Une dose de douleur nécessaire de Victoire de Changy (Belgique), à paraître le 30 août : « Mais je suis quoi pour toi, elle lui demande. Je suis quoi, elle insiste, un bonus ? Ta petite dose de douleur nécessaire ? » C’est un drôle de ballet qui se joue à Bruxelles. Elle est jeune, songeuse, tout à lui. Il a une vie ailleurs et le double de son âge. Rencontre insolite, séduction musicale, retrouvailles fugaces… Mais quand l’amour en vase clos ne suffit plus, les tensions s’avivent. Et la douceur devient douleur. Au fil d’instantanés amoureux alliant la sensibilité de Marguerite Duras à la fantaisie de Michel Gondry, Une dose de douleur nécessaire nous emporte dans une passion singulière.

Aux Éditions du l’Olivier  :

Ostwald de Thomas Flahaut, à paraître le 24 août : Une usine ferme, des hommes et des femmes perdent leur emploi, et parfois leur famille ne résiste pas à cette épreuve. Ainsi les parents de Noël et de Félix se sont-ils séparés. La mère est
restée à Belfort, le père est parti s’installer à Ostwald, et les fils flottent entre ces deux pôles sans réel ancrage, si ce n’est celui d’une certaine nostalgie. Lorsque survient ce que l’on redoutait depuis toujours, une défaillance dans la centrale nucléaire de Fessenheim imposant l’évacuation de la population, ils se retrouvent dans un camp improvisé en pleine forêt. La catastrophe marque, pour Noël et Félix, le début d’une errance dans un paysage dévasté. Ils traversent une Alsace déserte dans laquelle subsistent de rares présences, des clochards égarés, une horde de singes échappés d’un zoo, un homme en guenilles qui délire dans les décombres d’un camp incendié… Ostwald est le récit de leur errance dans un Grand Est fictionnel : un premier roman d’une originalité rare.

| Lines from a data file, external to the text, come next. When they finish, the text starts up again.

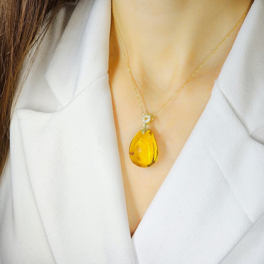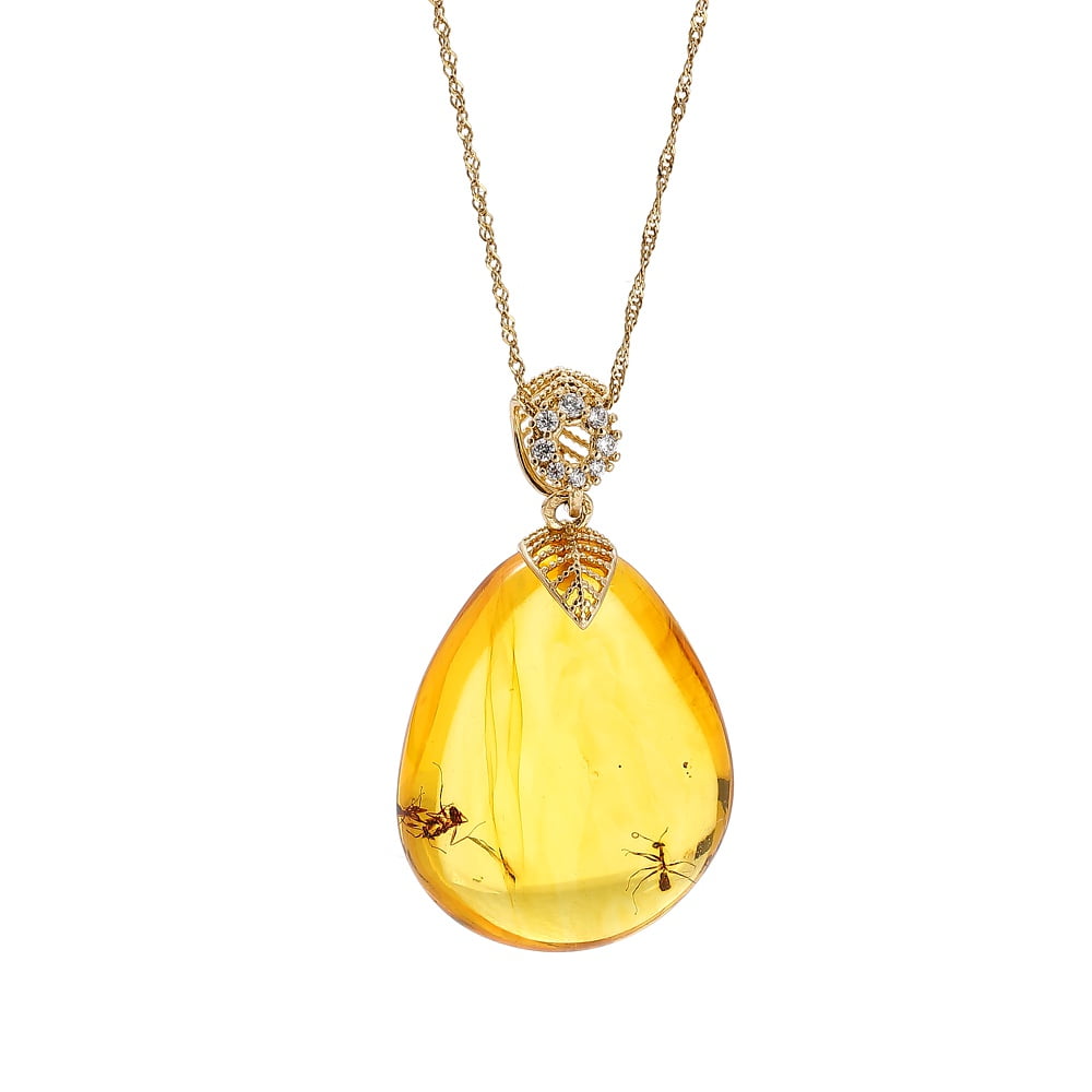 Unique pendant amber made of natural Baltic amber in a translucent color with inclusion, set in 14 carat gold decorated with cubic zircons.
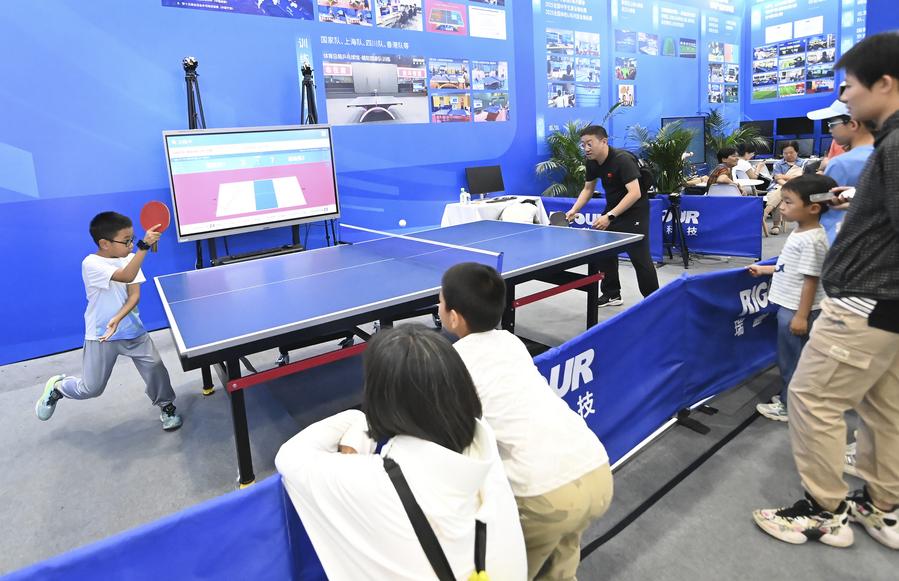 14日、2025年中國國際サービス貿易交易會のスポーツサービス展示エリアで、スマート卓球システムを體験する人たち。(北京=新華社記者/肖瀟)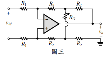 【已刪除】三、圖三使用理想之運算放大器,請推導其電壓增益 v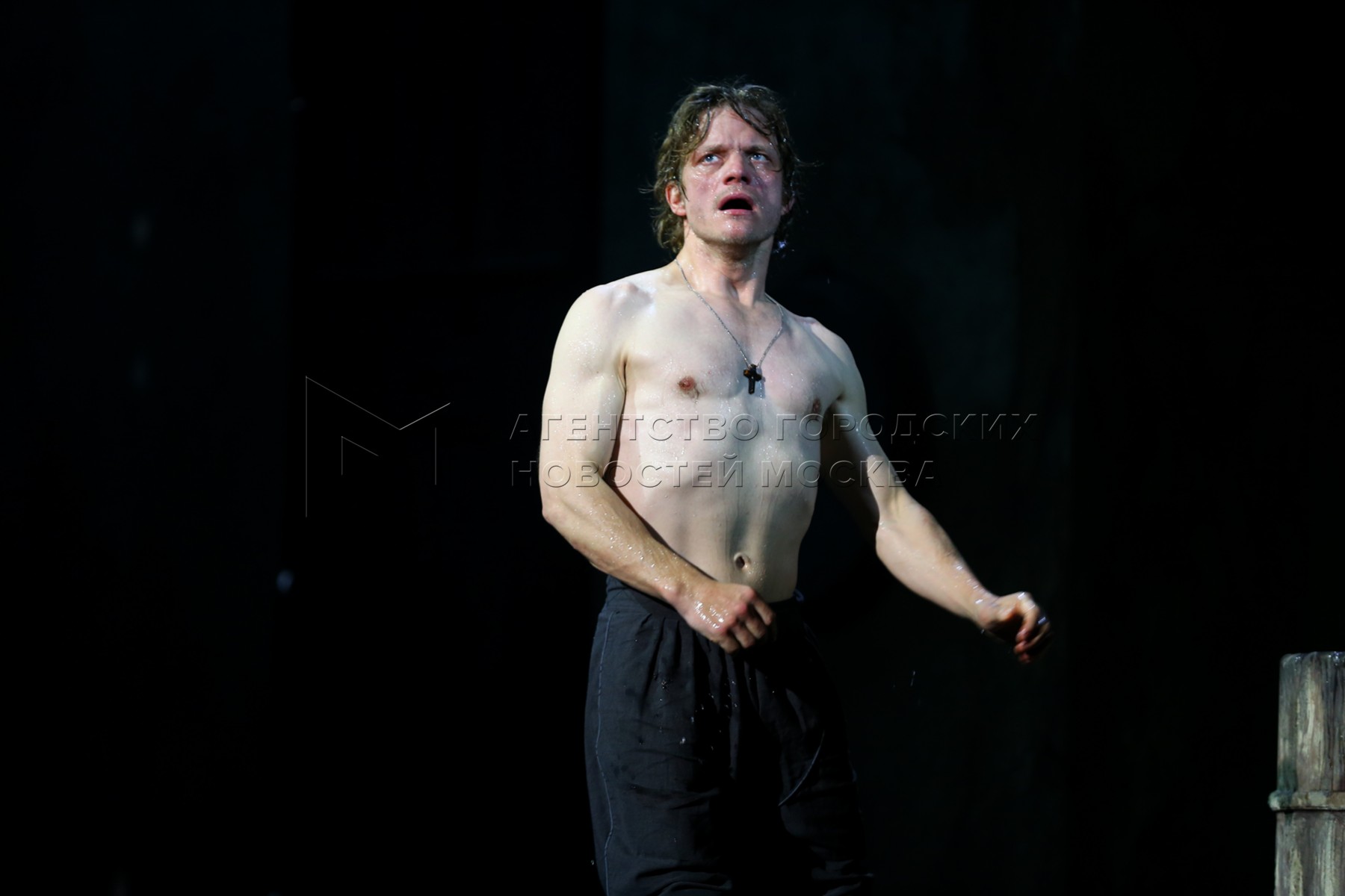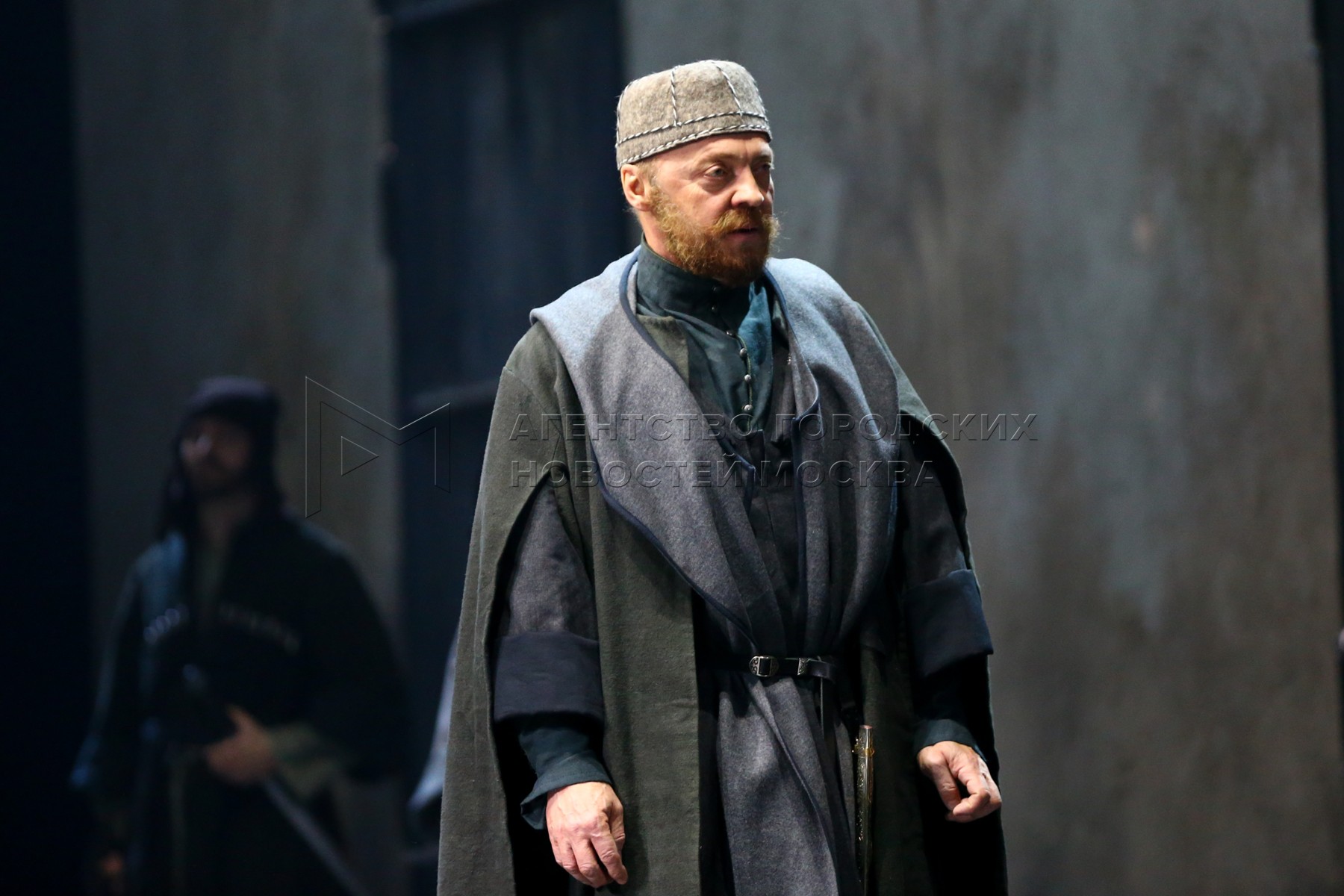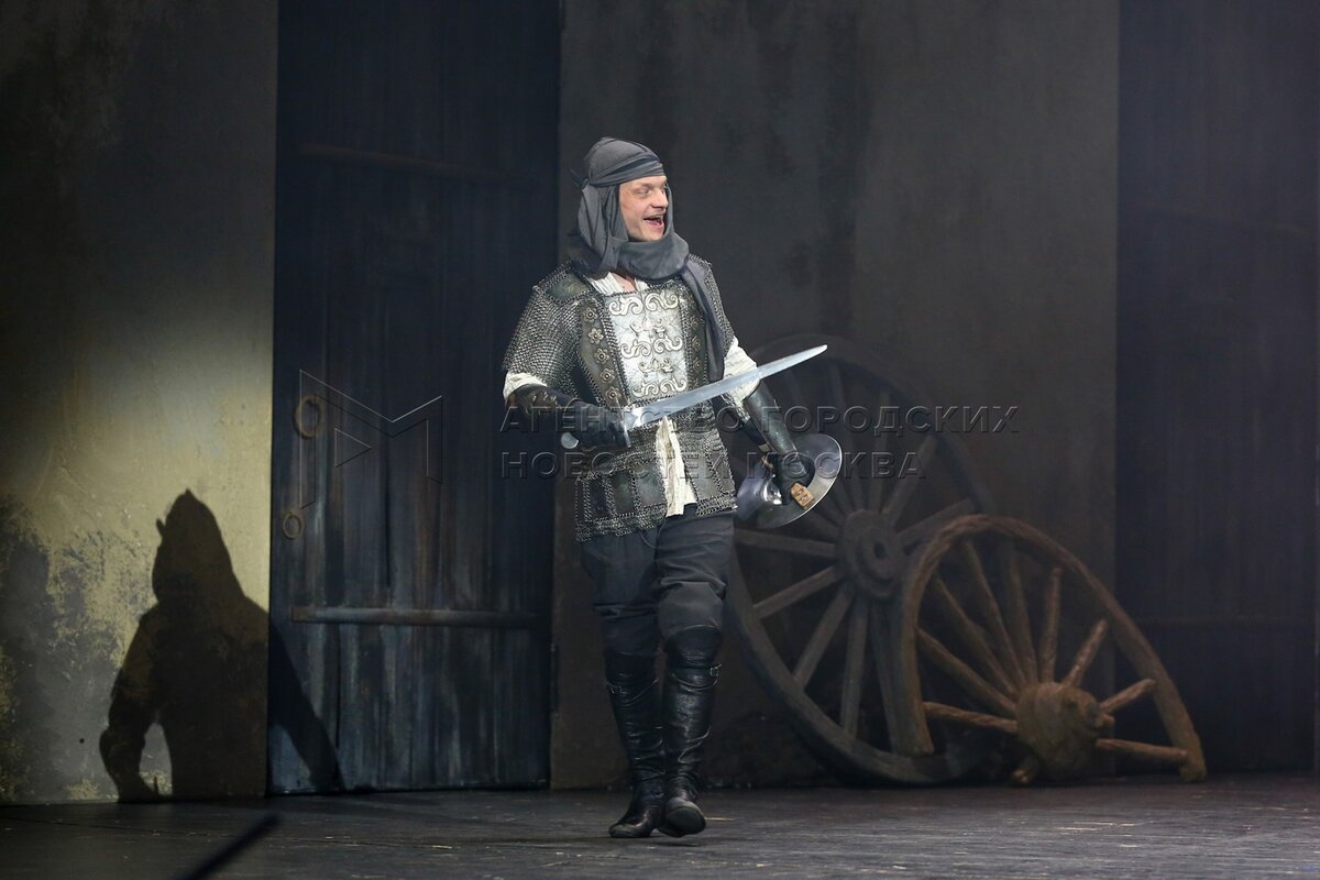 Актер Евгений Ткачук во время предпоказа спектакля Андрея Кончаловского «Макбет» ...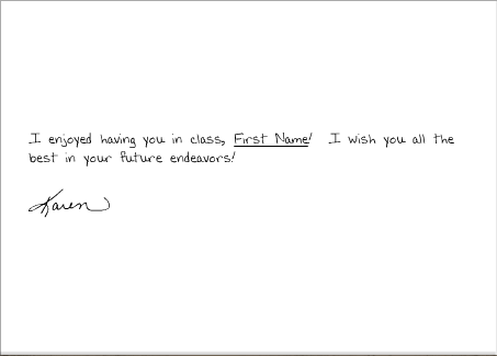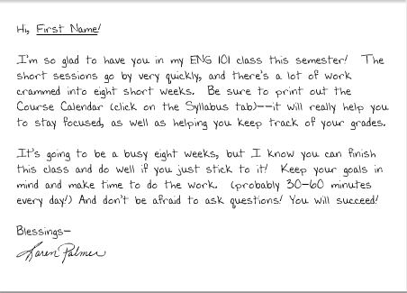 The first card went out the first week of class. I introduced myself and welcomed students to the course.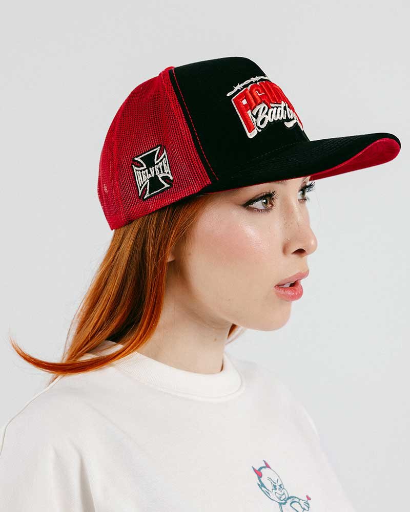 Gorra 5 paneles estructurada, contramarcada y visera precurvada, ajustable con sistema de cierre de correa plástica. Bordado de alto relieve en la parte frontal y bordado plano en la parte de atrás.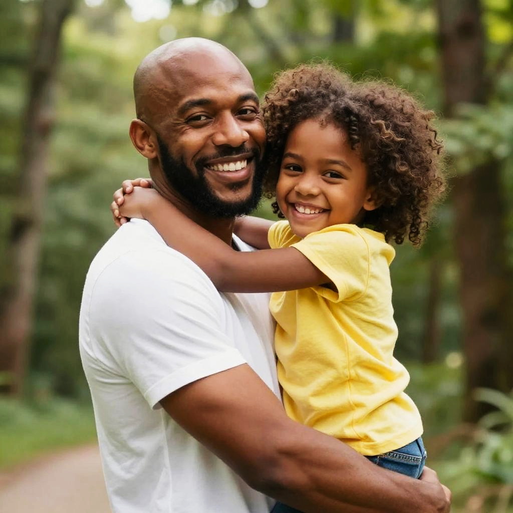 Photograph of a joyful African-American couple in a bright, sunny outdoor setting. The man, with a short beard and muscular build, wears a light gray t-shirt and lifts the young girl, who has a big, curly afro and wears a white shirt, onto his back. Both are smiling widely, arms raised playfully. The background is a blurred mix of green and yellow, suggesting trees and sunlight.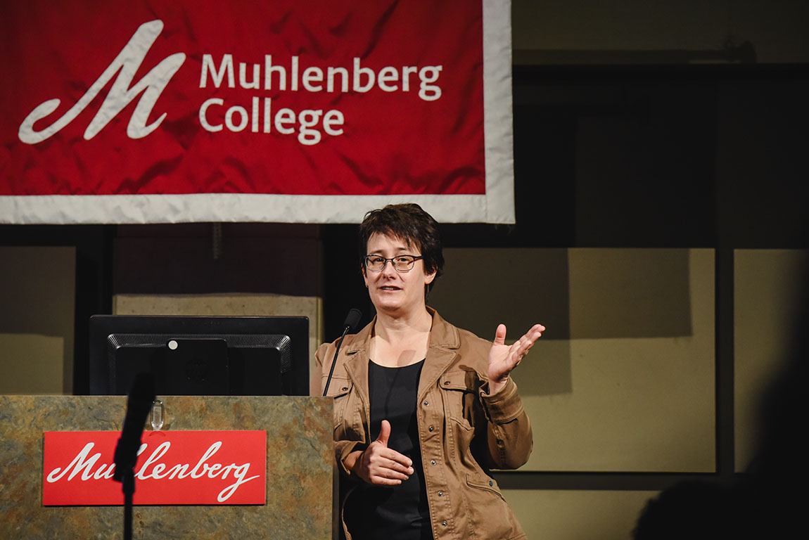Dr. Shelley Hershner. Photos by Kristi Morris, Littlewing PhotographyWhen Dr. Shelley Hershner asked the packed room of Muhlenberg students how many of them feel like they get an insufficient amount of sleep, nearly everyone raised their hands. The room erupted into laughter and chatter. As Hershner waited for the commotion to die down, students remarked to one another “I feel seen,” or, “Why do I feel like she’s talking to me?”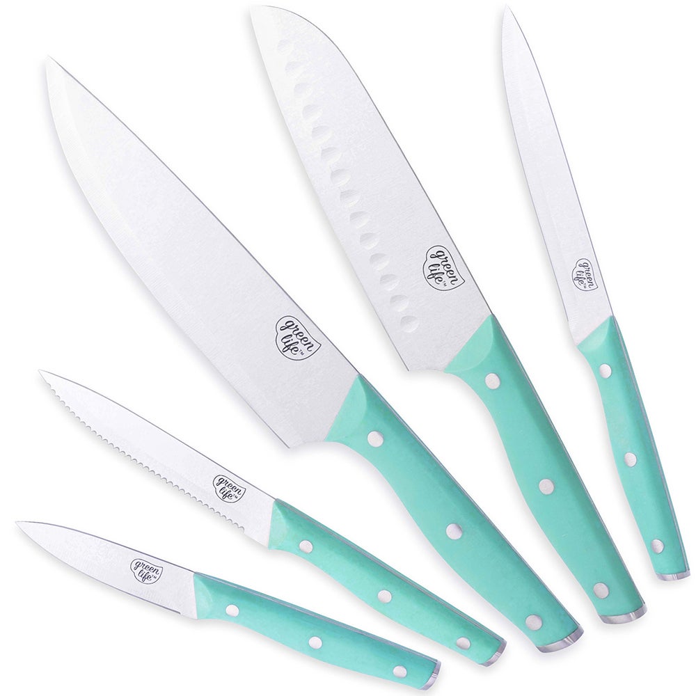 GreenLife cutlery is cutting-edge in design and performance. High carbon stainless steel blades are extra thick for superior stability. Hand ground precision edges and 18-degree blade angle. Comfortable soft grip handle. Stainless steel blades are rust resistant. Sloped bolster supports better control and comfort. Handles add vibrant color to your kitchen. Recommend hand wash only. Includes: 3.5" Paring knife. 5" Serrated knife. 6" Utility knife. 7" Santoku knife. 8" Chef's knife.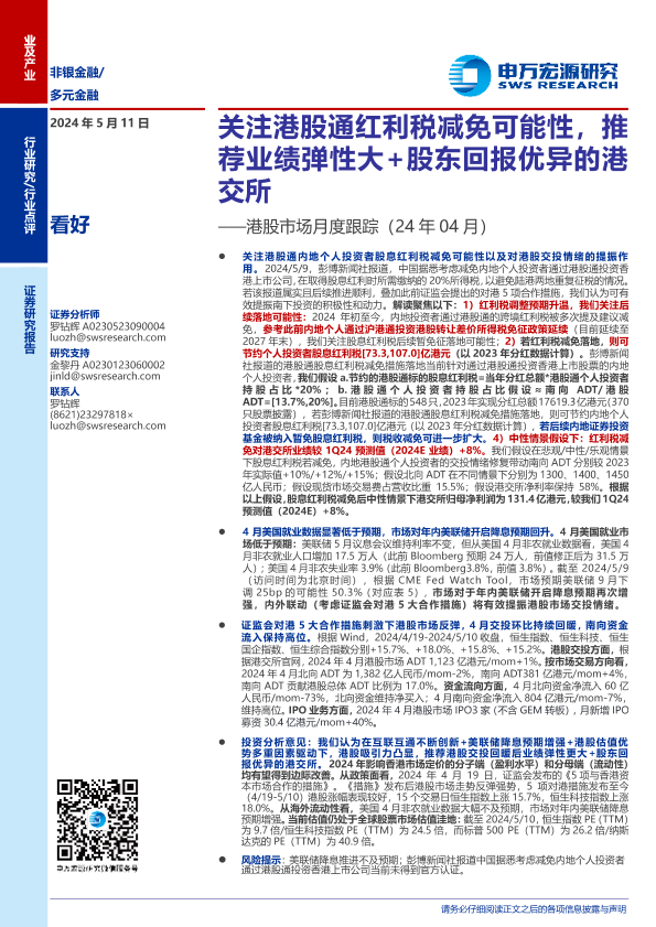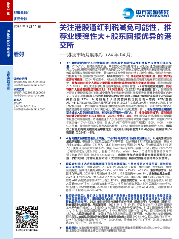 【申万宏源】【20240511】非银金融行业港股市场月度跟踪(24年04月):关注港股通红利税减免可能性,推荐业绩弹性大+股东回报优异的港交所-14页
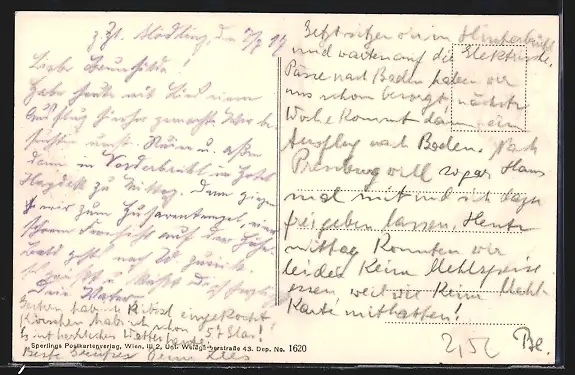 Personenbezogene Daten auf der Rückseite der Karte wurden durch blauen Textmarker unkenntlich gemacht. Die blauen Stellen sind auf die Vorderseite durchgeweicht und wirken sich negativ auf das Postkartenfoto aus

Mobile home de Marion Vernoux, à paraître le 14 septembre : Marion Vernoux est cinéaste. À la veille de la cinquantaine, l’avenir lui apparaît sous un jour particulièrement sombre : son dernier film a été un échec. Afin de ne pas céder au découragement, elle décide d’entreprendre le recensement de ses meubles en les photographiant. Mais les meubles ne se laissent pas seulement photographier, ils racontent une histoire : celle d’une mère excentrique qui a abandonné le cinéma pour se lancer dans la confection de vêtements importables, celle de sa relation avec le père de ses enfants, de ses déménagements et de ses ruptures. Confrontée au patchwork imaginaire de sa vie, l’auteur explore son enfance, rend visite aux lieux et aux visages qui ont jalonné sa vie et retourne finalement sur les traces de Bala, sa grand-mère, déportée sous l’Occupation. Maniant l’humour et la distanciation avec un art consommé de l’autodérision, elle nous entraîne dans une ronde où ceux qui l’entourent semblent défier le vieillissement et la mort. Un petit traité d’insolence et d’optimisme.